Stop Market orders on the Futures Exchange

This information comes directly from Nexo's help center

A Stop Market order on the Futures Exchange is an order type, which performs a Market order once a prespecified price has been reached. The price of execution is defined by the client, and once it is crossed or exceeded, the Stop Order acts as a Market Order and is carried out.

With Stop Market orders, you can increase the odds of achieving a trade at a desired entry or exit price. Stop Market orders are as beneficial to entries, as they are for leaving a position.
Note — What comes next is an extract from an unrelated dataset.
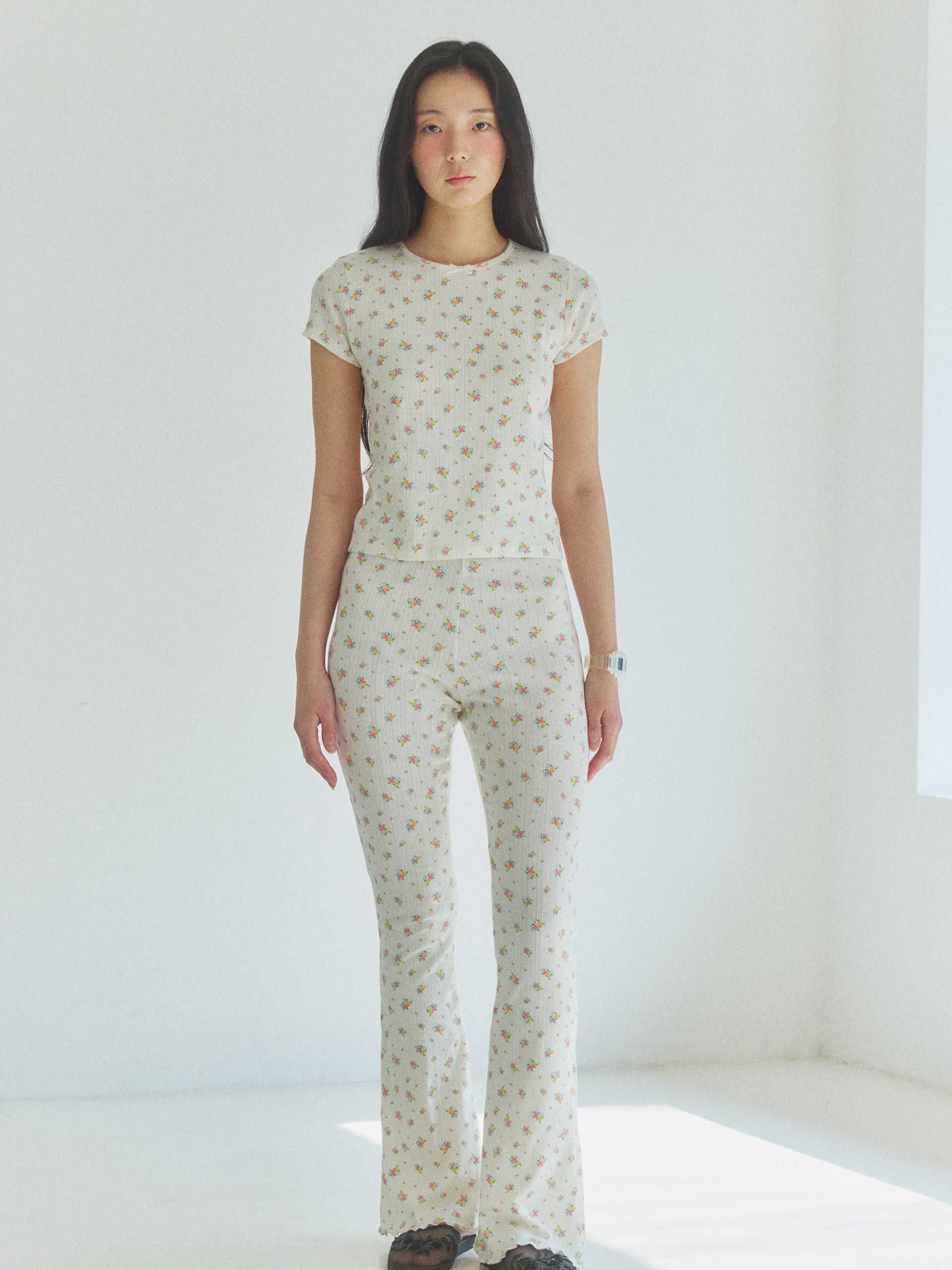 TLC Pointelle Flare Pants / [Cream]

They act in a way as Stop Loss or Take Profit orders for your futures positions.

It is important to note that Stop Market orders will be filled only if the Trigger Price is reached. However, the resulting Market order does not guarantee the price, nor the precision at which the order will be completed. In other words, despite the fact that we will aim to fill the order at the best available price at the time of execution, the final price could be much different than expected in fast-paced market conditions.

How to place a Sell Stop Market order 

1. First, you should navigate to the Futures Exchange.
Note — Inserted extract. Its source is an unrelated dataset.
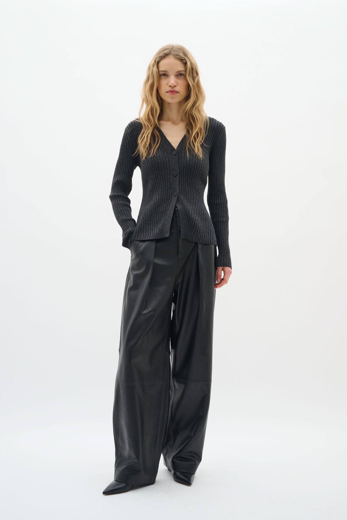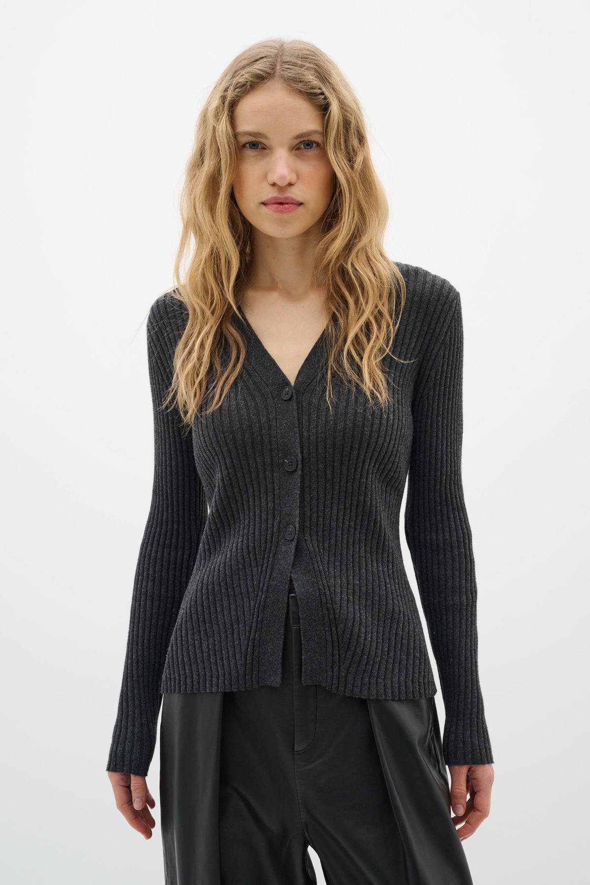 Description: Ce cardigan à côtes fines et coupe ajustée apporte une touche élégante et féminine à vos tenues. Son encolure en V et sa fermeture boutonnée en font une pièce polyvalente à porter seule ou superposée sur un top léger. Conseil style : associez-le à un pantalon fluide ou une jupe pour un look chic et confortable.

2. From there, you have to select the ‘Stop market’ order type, as illustrated:


3. Then, you can set a Trigger Price in terms of USDT (e.g. 22,000 USDT) and Amount in terms of the contract currency (e.g. BTC). Keep in mind that the current Futures price will be used to place the order and you can decide what amount to enter with. From the ‘Open’ tab, you can set orders which are to be opened once the Trigger Price is reached. On the other hand, from the ‘Close’ tab, you can close orders at a specific Trigger Price but only if you have an open futures position.


4. Once placed, the Stop Market order will remain active in your ‘Open Orders’ until it is filled or cancelled.
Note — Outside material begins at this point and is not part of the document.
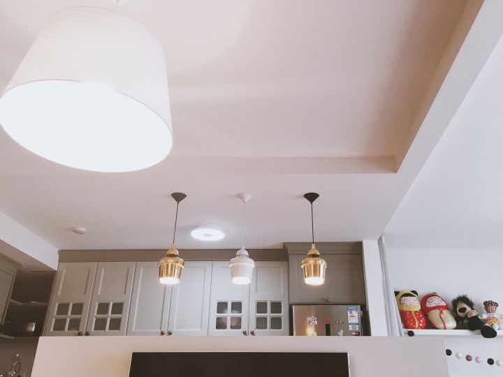 Blue家虽然不大,但光源很多。单说这客厅,就有主吊灯,有各种各样的装饰灯,还巧借了厨房吧台上方的三只吊灯。

Using the Open Stop Market option 

With this mechanism, you can set a pending order which is to be executed when your Trigger Price is reached. You can place both Long and Short orders simultaneously. For example:

The current price of BTC is 25,000 USDT and you place a 1 BTCUSDT Open Long order in the price of 26,000 USDT (can be triggered if the price is higher), expecting the price of Bitcoin to increase. Simultaneously, you place an Open Short order at a price of 24,000 USDT (can be triggered if the price is lower), in case the price of BTC declines.

That way, regardless of whether the market is rising or falling, you would have two well-defined orders which will be triggered only when the prespecified price is hit.

Using the Close Stop Market option 

To better explain the underlying mechanisms behind this order type, we will run an exemplary scenario:

Let us say that you have an open perpetual futures contract at 2x leverage in the amount of 1 BTCUSDT and you have chosen to go long. The price of BTC is currently 27,000 USDT. You can secure profits and minimise losses at the same time by placing both a Close Long and a Close Short order. For instance:

  • You place a Close Long order at Trigger Price = 29,000 USDT. If the price is reached or exceeded, the order will be performed and you will exit with a profit.
  • Simultaneously, you place a Close Long order at a Trigger Price of 25,500 USDT. Should this price or a lower one be reached instead, you will exit the position and prevent further loss.

By doing that, you define a threshold of how much you are willing to profit or fall back on your futures positions. Using the above example, the same can work for you if you plan to go Short instead and place two Close Short orders at different price levels.